Example: Slavery. The emancipation movement was faith-based
and happened rather suddenly, as history goes. Suddenly
Christians all over Europe and North America were reading
their Bibles in a new way. “My gosh,” they were saying, “look
at this! Slavery is wrong! If we are going to obey Scripture,
we need to end slavery!” Many of those passages were in the
OT.
The interesting thing is that nothing had changed in Scripture;
but the perception of what it meant had changed. It was as if
Christianity woke up one century and the scales fell off their
eyes. Could it be that the Spirit of God decided we were ready,
and decided to push a little? No way to prove it, but as a
statement of faith I think it entirely possible.
Example: social justice. We are living in a similar movement or
change like that for awareness of social justice, and moving to
act on it. A few generations ago we hardly heard the word.

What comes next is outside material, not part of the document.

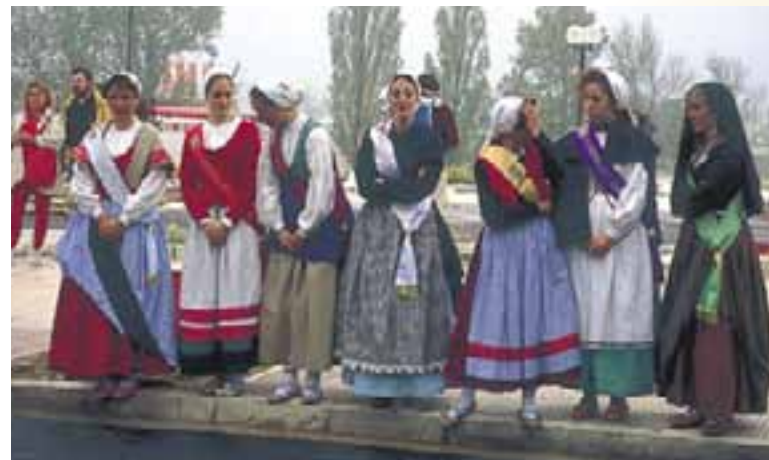
Representantes de las Cuadrillas Alavesas, en la fiesta de San Prudencio y Ntra. Sra. de Estíbaliz.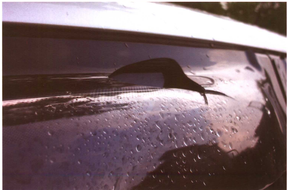
乐昌市被砸坏的汽车。

True, there were forerunners, like the Jesuits, or Dorothy Day
and the Catholic Worker Movement, or the early days of what
became the Mennonite Central Committee. Now awareness is
the air we breathe. Sure there’s resistance and push-back. But
we wouldn’t have that if there were nothing to push back
against. Again, the primary Scripture passages are in the OT,
especially in the prophetic voices, even if no one has heard of
mishpat or sedeqah. And again: the perception of what they
meant has changed.
Example: Environmental Ethics [sim to above] look at
statements by
What else, or what next? Fill in the blanks here.
1. ____________________
2. ____________________
3. ____________________
4. ____________________
If we listen to the Spirit together, and act, we can expect a wild
ride. A life worth living, and maybe a death worth dying. But
meanwhile: Ad multos annos!
THE PROCESS OF FORMATION: HOW THE OLD
TESTAMENT CAME TO US
Gordon Brubacher Revised December 2015
Ancient writings and collections don't just appear out of the
blue. They result from a situation of some kind, and address a
target audience of people in their needs and circumstances.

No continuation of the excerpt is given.